Made the decision to buy new MS Performance. Will be placing order with in the next few weeks. Just trying to locate a wall connector 24ft long...

Thank all

M


----------



## GadgetX

Well I got a connector 18ft Gen 3 finally. I will be ordering my 2020 Model S Performance this weekend !!! Midnight Silver with carbon 19" wheels, carbon fiber interior and FSDC. We are excited !! 

M


----------



## Nomad

GadgetX said:


> Wondering about the ride and mileage difference in the 19" and 21" wheels & tires.
> 
> Thoughts?
> 
> M


I know several people who have Model 3 with the same model except for wheels. The consensus among all is that the small wheels are more comfortable. Which is what I have. That said on my prior model I had large wheels. My understanding is that the larger wheels offer better performance and I'm a spirited driver. My experience though has been that unless you track the car you won't likely noticed any performance. The downside for me was how much more the big wheel tires fail compared to smaller. Thus far no issues with smaller ones. You get larger wheels for style.


----------



## serpico007

Larger wheels with low profile tires will be noisy too on the highway. My experience I noticed on my daily work commutes. I stuck with 19" this time and seems the Tempest wheels are the reason for higher range with the Long Range Plus model. I probably will upgrade to a nicer wheel for the summer time and keep these for winters. Congrats on the Performance model, it is a lot more to pay up here in Canada or else I would go for it too.


----------



## garsh

serpico007 said:


> Larger wheels with low profile tires will be noisy too on the highway.

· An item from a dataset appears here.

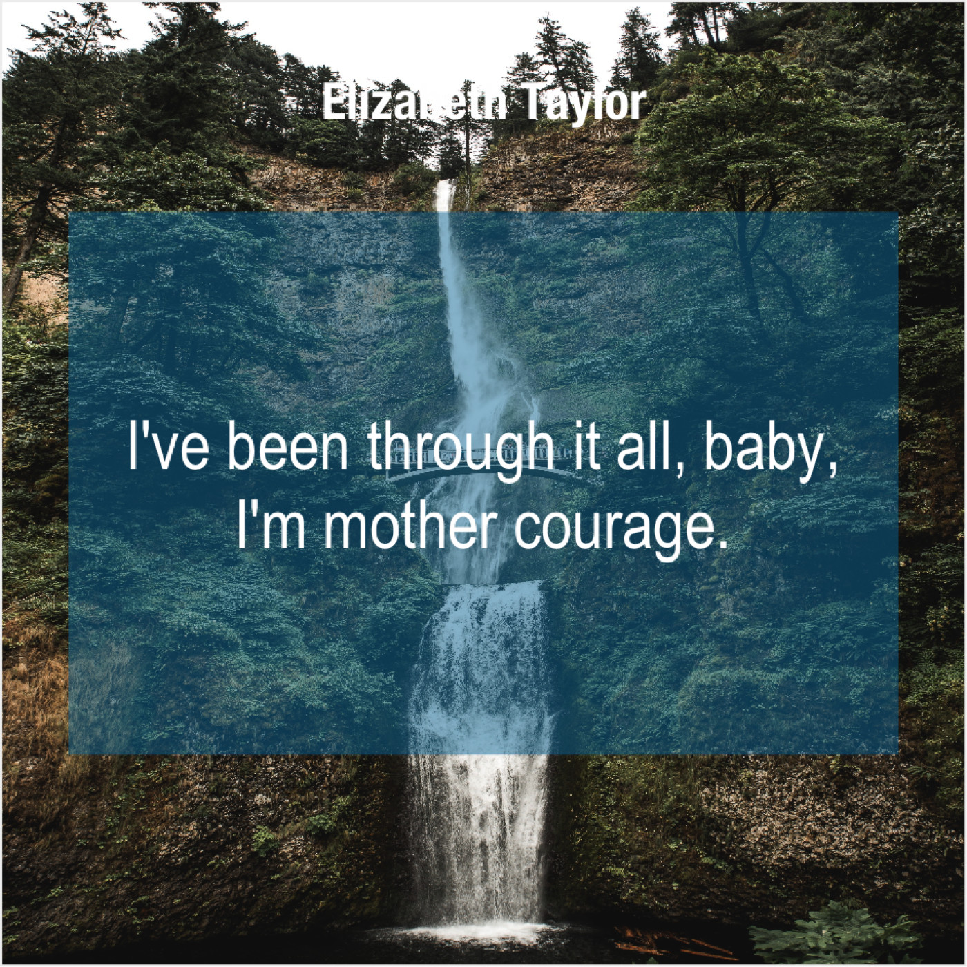 Elizabeth Taylor Elizabeth Taylor – I’ve been through it all… May 16, 2019 admin “I’ve been through it all, baby, I’m mother courage.”-Elizabeth Taylor

Road noise is affected almost exclusively by the tread pattern. Low profile tires are usually engineered towards handling instead of noise, but it's certainly possible to get ones that aren't noisy.


----------



## serpico007

garsh said:


> Road noise is affected almost exclusively by the tread pattern. Low profile tires are usually engineered towards handling instead of noise, but it's certainly possible to get ones that aren't noisy.


The ones that came on my current vehicle are noisy. Everyone always asks what the noise is because they're used to their normal sidewall profile tires. Must be the tread on these tires.


----------